Braeburn Pharma Release: Probuphine Phase III Data Presented At American Society Of Addiction Medicine (ASAM) Annual Meeting

PRINCETON, N.J. and BALTIMORE, April 15, 2016 /PRNewswire/ -- Braeburn Pharmaceuticals announces presentation of data from the Phase 3 study of Probuphine, a six month subdermal buprenorphine implant for the long-term maintenance treatment of opioid addiction, today at the 47th Annual American Society of Addiction Medicine (ASAM) Conference. ASAM is a professional society representing over 3,700 physicians, clinicians and associated professionals in the field of addiction medicine. The study demonstrated that participants who were clinically stable on sublingual buprenorphine maintained stability when transferred to Probuphine and that they were more likely to sustain abstinence from illicit opioids throughout the six months than participants who remained on sublingual buprenorphine. Today’s presentation of these findings is the first at a scientific medical meeting. The FDA is expected to make a decision on the approval of Probuphine by May 27, 2016.

Braeburn Pharmaceuticals

“This was the first head to head comparison study of Probuphine and sublingual buprenorphine, demonstrating the efficacy of a long acting six month buprenorphine implant,” said co-lead investigator and author of the study Richard N. Rosenthal, M.D., Professor of Psychiatry and Medical Director of Addiction Psychiatry at the Icahn School of Medicine at Mount Sinai. “The study results show that participants in the implant group sustained clinical stability over the course of six months. The implant group was also more likely to remain free from illicit opioids at 85.7 % compared to 71.9 % of those maintained on sublingual buprenorphine. If approved, Probuphine could help expand access to medication to treat opioid use disorders, providing people with a new option.”

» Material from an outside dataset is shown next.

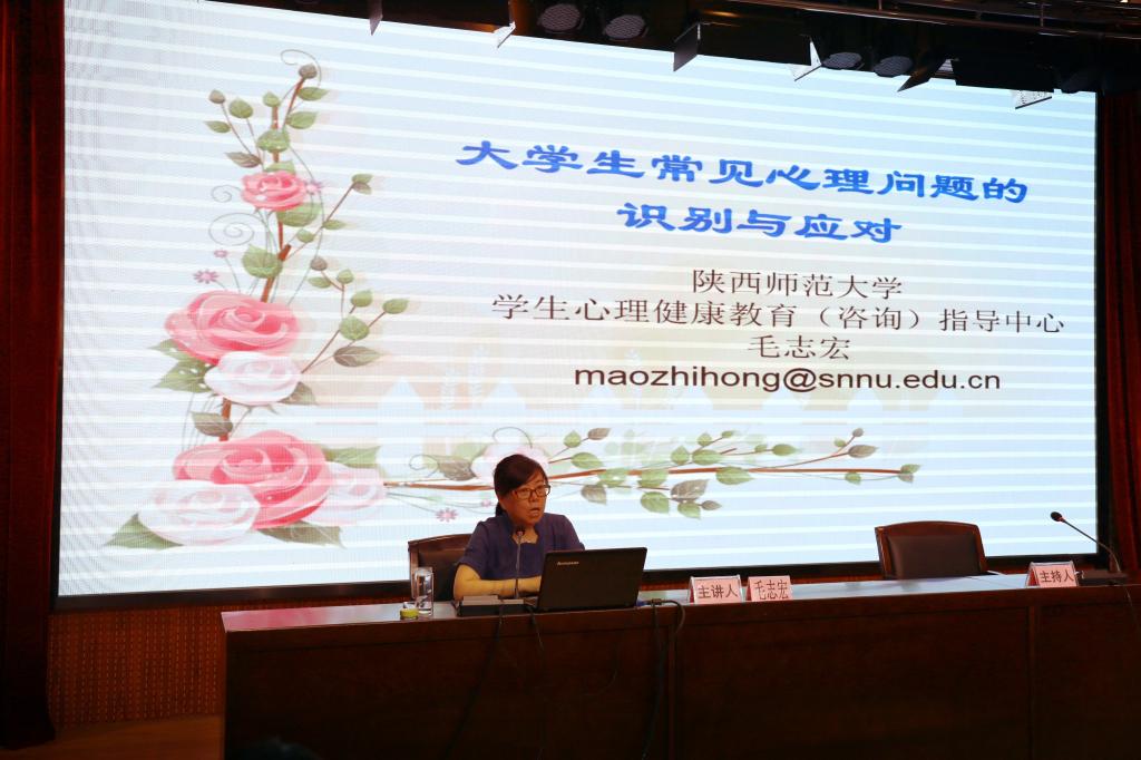 为了进一步提升永利官网学生工作管理队伍人员的心理健康知识水平,提高心理危机干预能力,扎实推进永利官网心理健康教育水平。5月23日下午,党委学生工作部邀请了陕西师范大学学生心理健康指导(咨询)中心主任毛志宏教授来永利官网做了“大学生常见心理问题的识别与应对”专题知识讲座。党委学生工作部部长郭小莉、各二级学院党总支书记、学工办主任、全体辅导员、班主任以及学生代表聆听了讲座。专题讲座由学工部副部长高阿联主持。

The double-blind, double-dummy study was designed to determine the efficacy and safety of Probuphine as a maintenance treatment. The primary endpoint of non-inferiority was metthe responder rate was 87.6 percent in the sublingual buprenorphine group and 96.4 percent in the Probuphine group. The results showed statistically significant superiority for the implant versus the oral formulation (p=0.034). Side effects from treatment with buprenorphine included constipation, gastroenteritis, nasopharyngitis, headache and depression. Implant site related side effects included pain, pruritus, bruising and erythema.

“Like any chronic disease, the ability to personalize treatment is key to long-term success and quality of life for opioid dependent individuals,” said Frank J. Vocci, Ph.D., president and senior research scientist, Friends Research Institute. “The data presented today on Probuphine provides hope for a new option that could address critical issues like medication compliance and the risks of oral buprenorphine.”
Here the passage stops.